The festival will screen over 50 documentaries between 18th-20th April.
The sessions will include a Q&A with Wales In The Movies blogger Nick Stradling, who was prevented from streaming The Dragon Has Two Tongues online by ITV last year.
The Wales International Documentary Festival is the only specialist documentary festival in Wales and the only film festival in the south Wales valleys.
The festival’s Artistic Director Dave Evans admits, however, that staging the event outside Cardiff has made it difficult to market in the past.
“It is a very hard sell, like pushing a dead horse uphill sometimes,” he said. “But I think it’s worth it because I there’s a lot of culture offered in Cardiff and as someone who comes from the valleys it’s really important to me to take it out.
“My life was transformed by seeing unusual films on terrestrial television like BBC Two, seeing New German Cinema or French New Wave and I don’t think that is the same now.
“Even though you’ve got a multiplicity of channels (and digital channels where you see a lot of product) a lot of it tends to be quite commercial.
“So I think there is a need for us to inspire people to think outside the box and to look at the rest of the world in a different way.
“That is especially acute running a festival in Caerphilly borough where the Brexit vote was very high for leave so I think creating bridges between people in Caerphilly and the rest of the world is really, really important.”
Amongst those who will have had their documentaries screened at the festival will be Bangor University Film MA graduate, Charlotte Wells.
She said that it was “really exciting” to take part in a festival for the first time and thankful for the opportunity to show a documentary, Cabbie, made while at Bangor.
“This is the first festival that I’ve entered Cabbie into so it’s very motivating to see that it’s got what it takes,” she said.
“I was extremely nervous waiting for the notification and it just makes me ask, what’s next? I can’t wait to see where this will take me and the friends who helped put Cabbie together.
“At first, I had a completely different film in mind for the project, I had another subject that I’d been planning to film, but unfortunately that fell through.
“I was at home, in Manchester, so my options were somewhat limited. Luckily, my step-dad Pete was willing to let me come along on a ride-along of sorts in his taxi one night.
“It was a very natural approach to the film, we did most of the interview that night, just talking between us and I tried to get what I felt was a real experience of what his life was like.
“I never personally understood why Pete loved his work and it was lovely to get his point of view and see why for myself.”
Charlie Wells said that her MA course at Bangor University had been a great help in developing the film.
“It was because of the MA course that I found my interest in Documentary, through the modules and projects that we were set, I was able to watch some truly great films that really inspired me and opened up my knowledge on the genre,” she said.
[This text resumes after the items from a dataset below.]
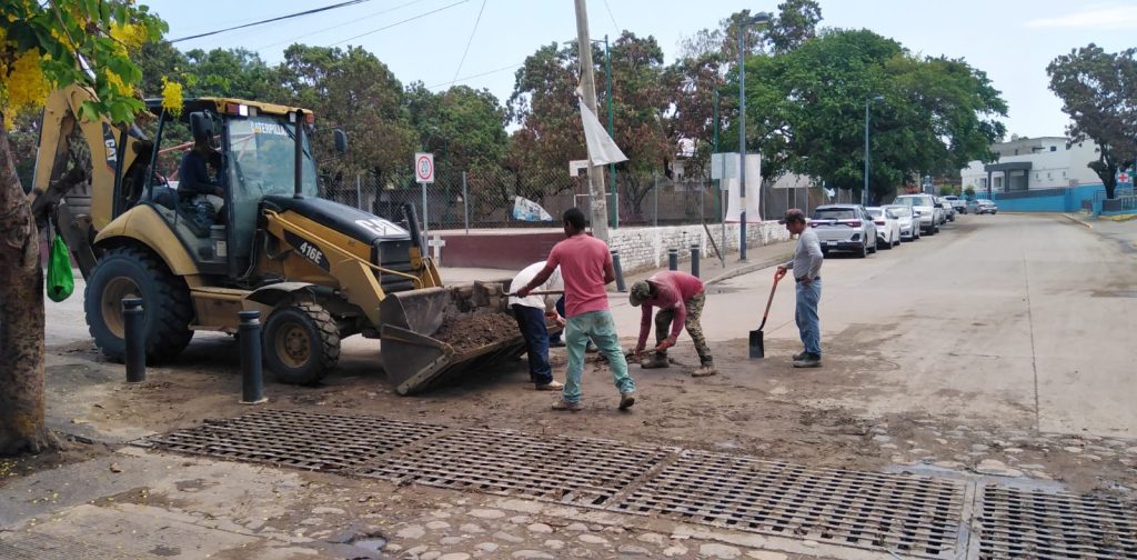 En los últimos días, las cuadrillas de la Dirección de Obras Públicas, han realizado tareas prioritarias para que las lluvias que se han presentado en la ciudad no ocasionen estragos o bien, reparando los ocasionados por estas para evitar encharcamientos, accidentes y daños a los vehículos.
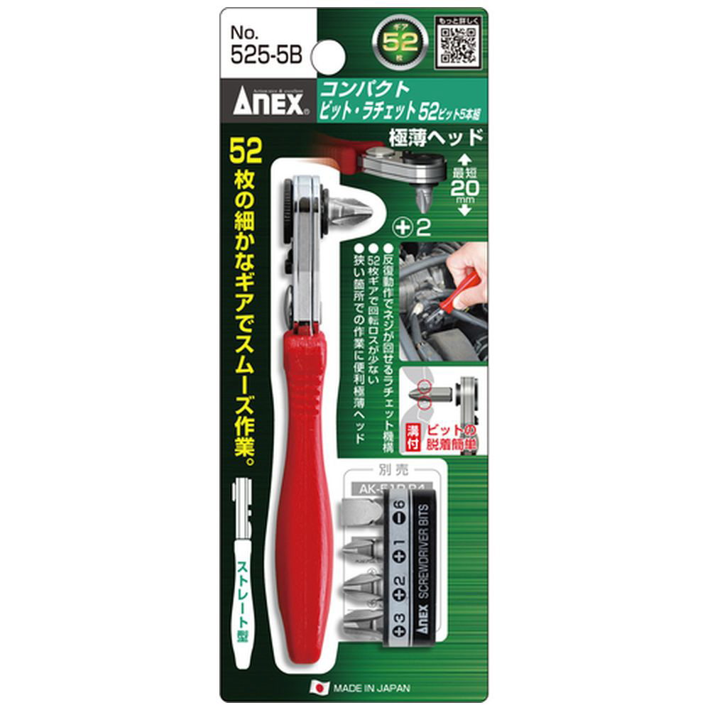 アネックス コンパクトビット・ラチェット52 ビット5本組 ストレート型 525-5B
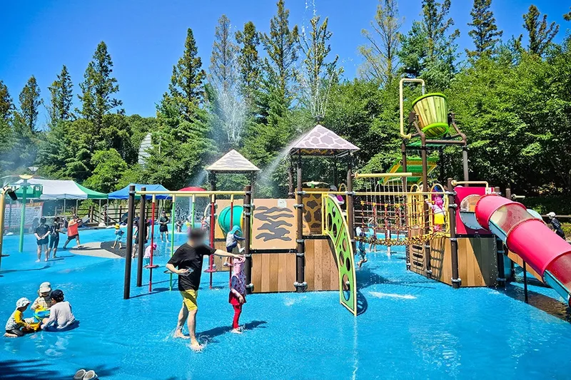 더운 날씨에 다양한 물놀이시설에서 물이 뿜어져 나오고 있어 옆에는 보는 것만으로도 시원하게 느껴지는 것 같고, 바닥이 파란색으로 되어있어 더욱 시원해 보이는 것 같습니다.
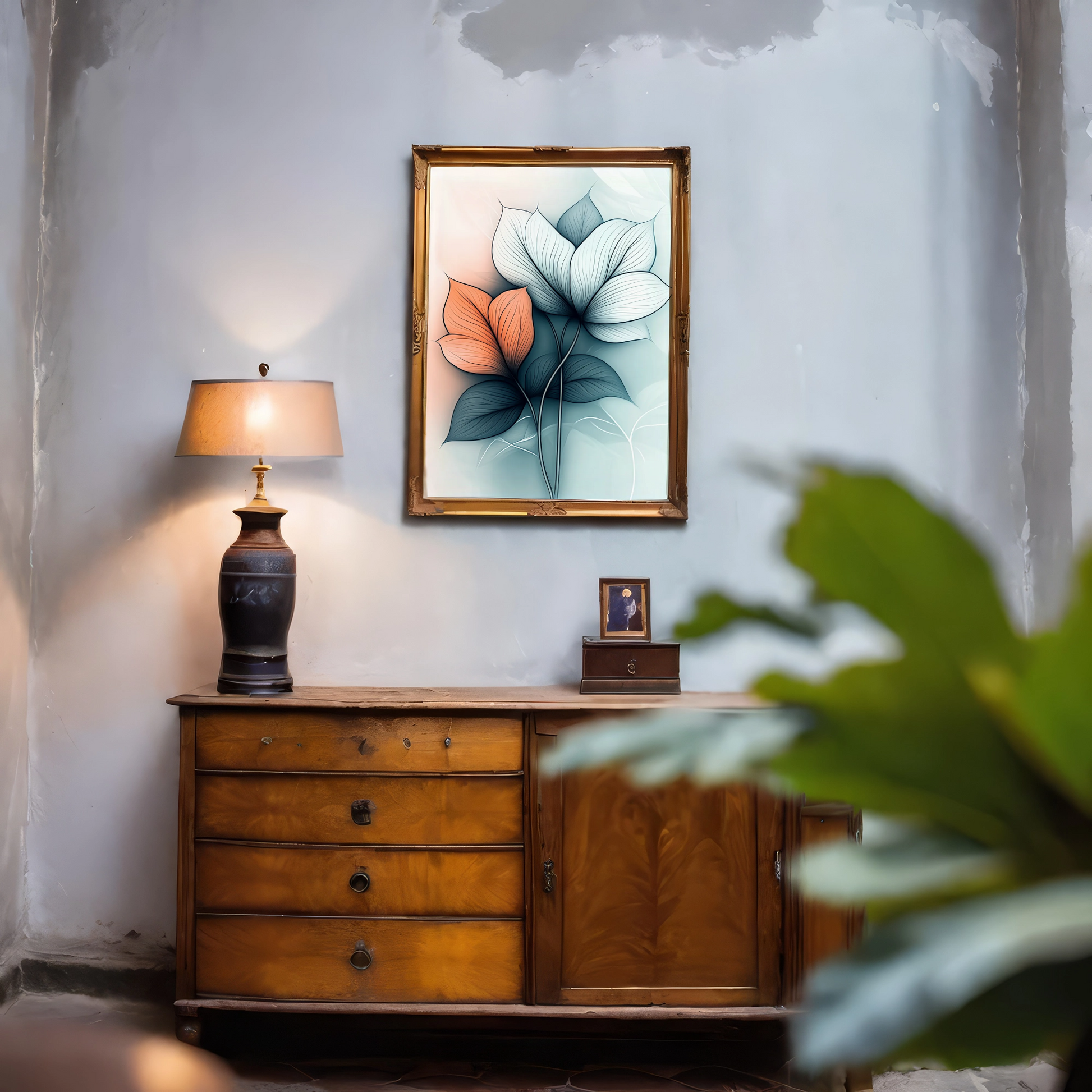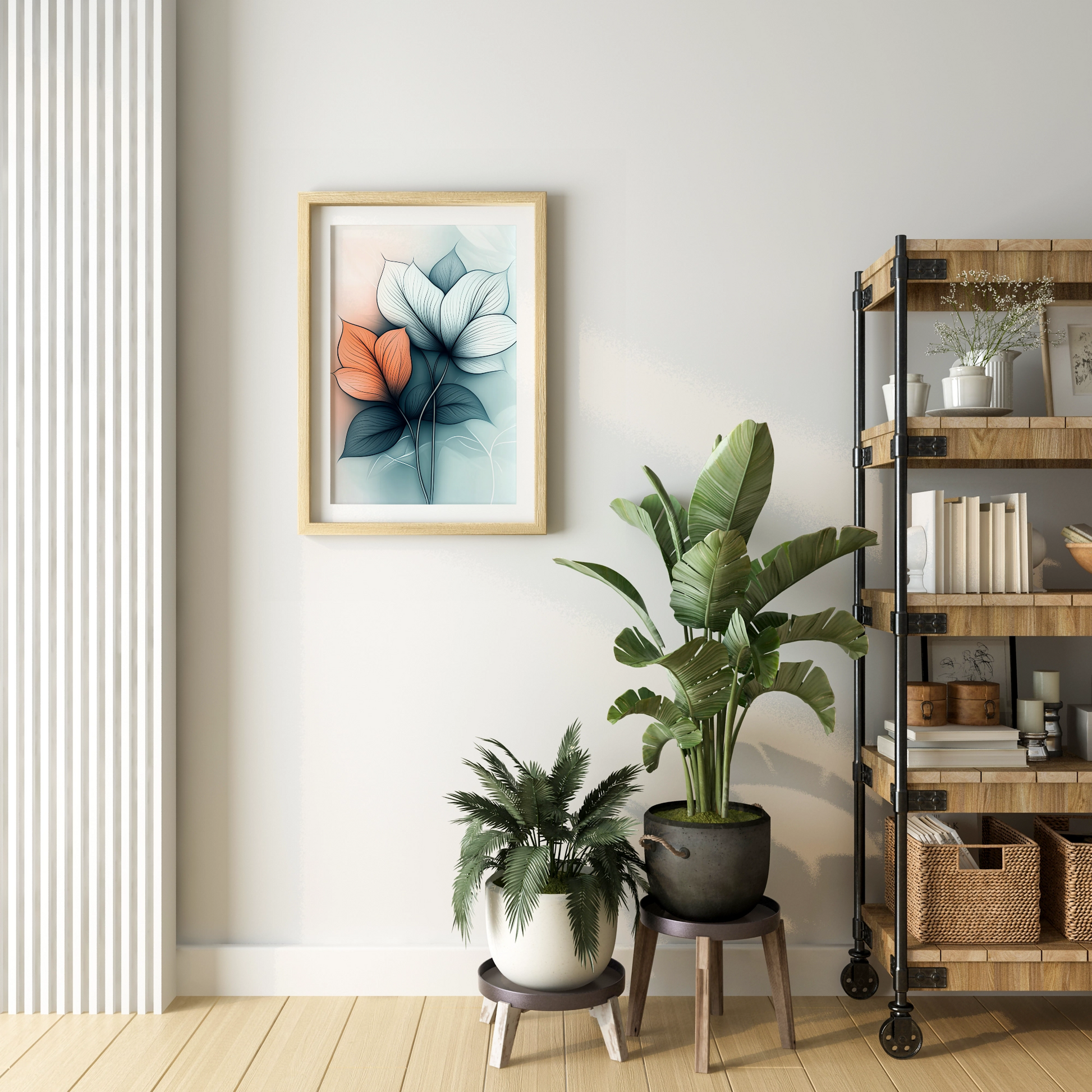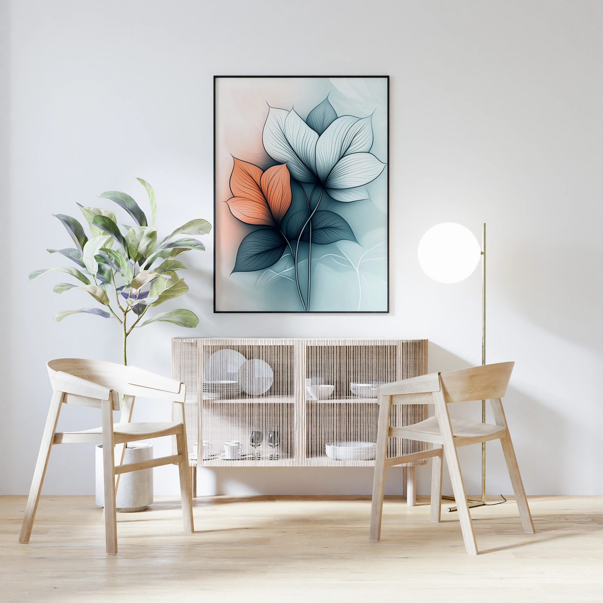 Elevate your space with our captivating abstract botanical boho artwork. This piece seamlessly blends minimalist design with a bohemian spirit, featuring clean lines that create a striking yet soothing composition. The soft color palette adds a touch of tranquility, perfect for creating a calm and inviting atmosphere in any room. Ideal for modern interiors, this artwork brings a contemporary twist to botanical themes, appealing to those who appreciate both nature-inspired and abstract designs. Whether displayed in a living area, bedroom, or office, this minimalist boho piece adds a sophisticated and serene element to your decor.

“It taught me so much more about film, about what goes into the process, from pre-production to post. I made new friends that helped me put the film together and shape it in a way that works, and mostly it helped me to realize that I want to be a cinematographer and gave me the tools to do so.
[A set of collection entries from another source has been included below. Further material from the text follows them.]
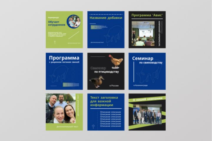 Задача: создание дизайна ленты для компании, занимающейся продажей кормовых добавок, проведением семинаров по данной теме.
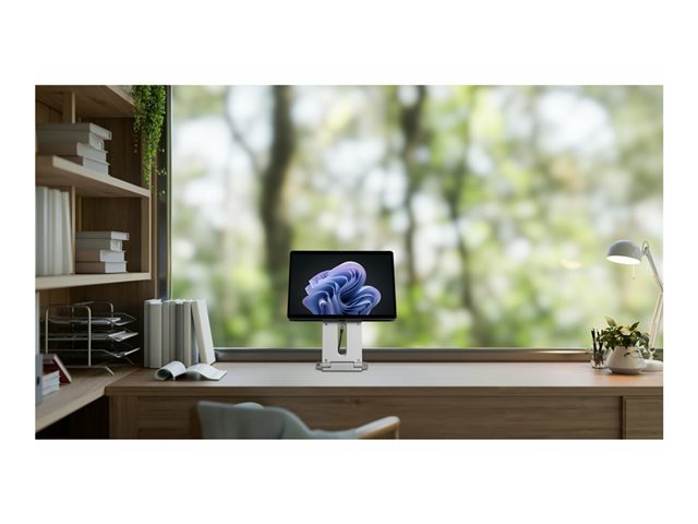 - Information Detta upphöjda ställ för Surface har utformats exklusivt för Surface i samarbete med Microsoft och är ett elegant och kompakt tillbehör för din Surface Pro eller Surface Go som enkelt förbättrar din bekvämlighet, säkerhet och produktivitet. Detta innovativa allt-i-ett ställ höjer Surface till ögonhöjd för att stödja ergonomiska arbetsplatser med externa tangentbord och minska belastningen på nacke, rygg och axlar. Alternativ för lutning och vinkling ger optimala betraktningsvinklar. Stativet har ytterligare genomtänkta funktioner som en magnetisk förvaringsplats för en Surflink -kontakt och en kabelhanteringskanal. Inkluderar professionell support och två års garanti.
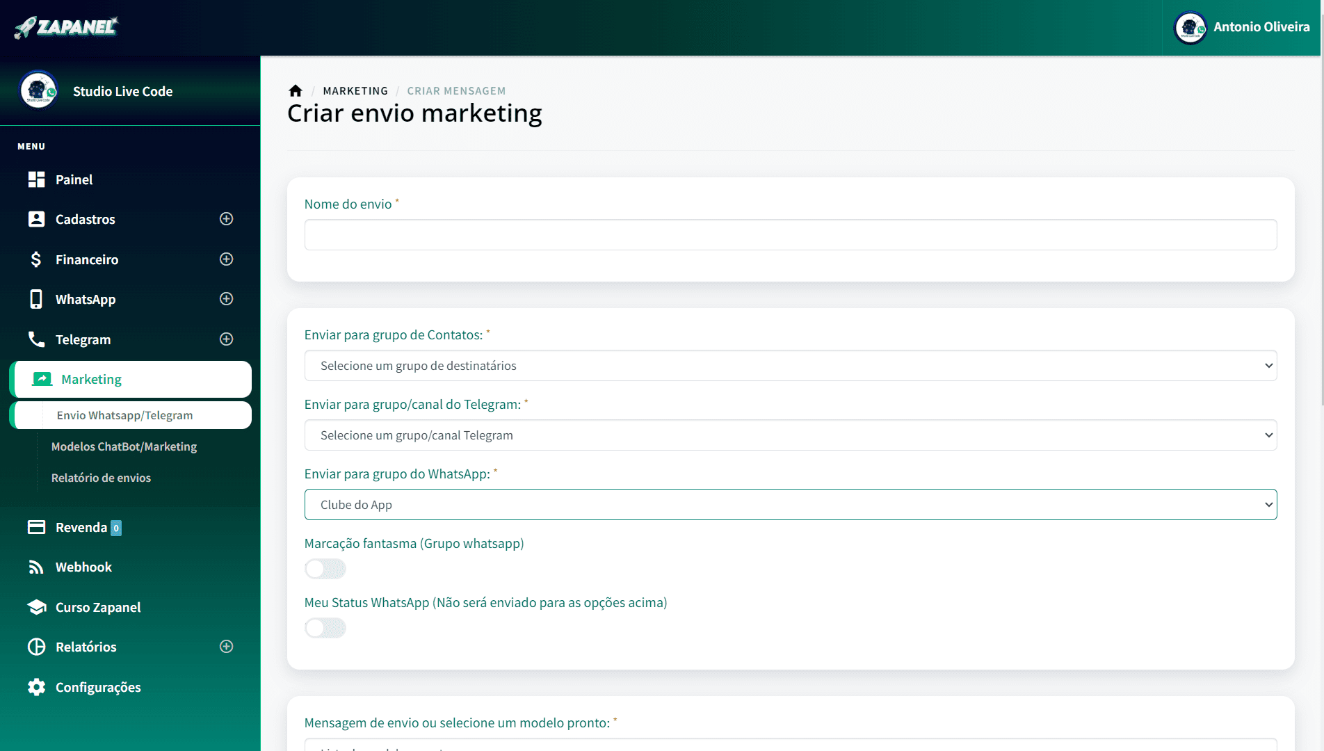 Potencialize suas campanhas com nosso Agendamento de Marketing Recorrente para WhatsApp e Telegram. Agora, com marcação de usuários em grupos e postagens de status no WhatsApp. Automatize suas estratégias e alcance resultados excepcionais!
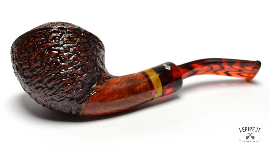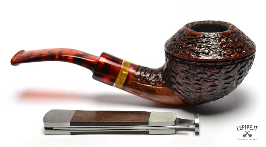 Questa pipa è realizzata da Stefano Santambrogio e presenta una forma Rhodesian con una finitura rustica che dona alla radica una texture marcata e distintiva. Il bocchino in metacrilato rosso, abbinato all'anello in materiale composito, aggiunge un elegante contrasto al design complessivo. La pipa è priva di filtro, per una fumata più naturale e diretta.

“If it wasn’t for the MA course, I wouldn’t have the equipment or knowledge I needed for all of the elements that went into Cabbie, so I’m incredibly grateful for the extra year I spent at Bangor University.”
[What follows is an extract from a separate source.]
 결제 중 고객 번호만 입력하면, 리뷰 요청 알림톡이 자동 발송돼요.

Dave Evans was hoping to premiere his feature documentary My Grandfather the Spy during his hometown festival but delays in the final edit mean it won’t be ready in time.
Funded by Ffilm Cymru Wales and BBC Wales and executive produced by Oscar-nominated, Emmy award winner André Singer, the film follows his quest to discover the facts behind his grandad’s disappearance almost 40 years ago.
The search takes him on an extraordinary journey from the valleys to Cold War Bulgaria and the heart of the international jet set.
“To see my family story on the screen is really important,” he said.
“I am really conscious when doing it that you don’t often see representations of people like my family, people from the south Wales valleys on screen, so I think that’s a really important element of the festival which is to try to inspire people to tell the stories which are all around us.”
The film will be the subject of a special workshop on the final day of the festival.
The event also showcases Welsh language films and includes contributions from as far afield as Russia, Argentina and Turkey.
There are networking events and parties across the town during the festival and pop-up screenings along the High Street, Blackwood Miners Institute and at Maxime, Wales’ oldest cinema.
A ticket for all three days is just £15.00 from the box-office on 01495 227206, including access to all screenings, panel discussions, and networking events. Individual screenings are £4 on the door.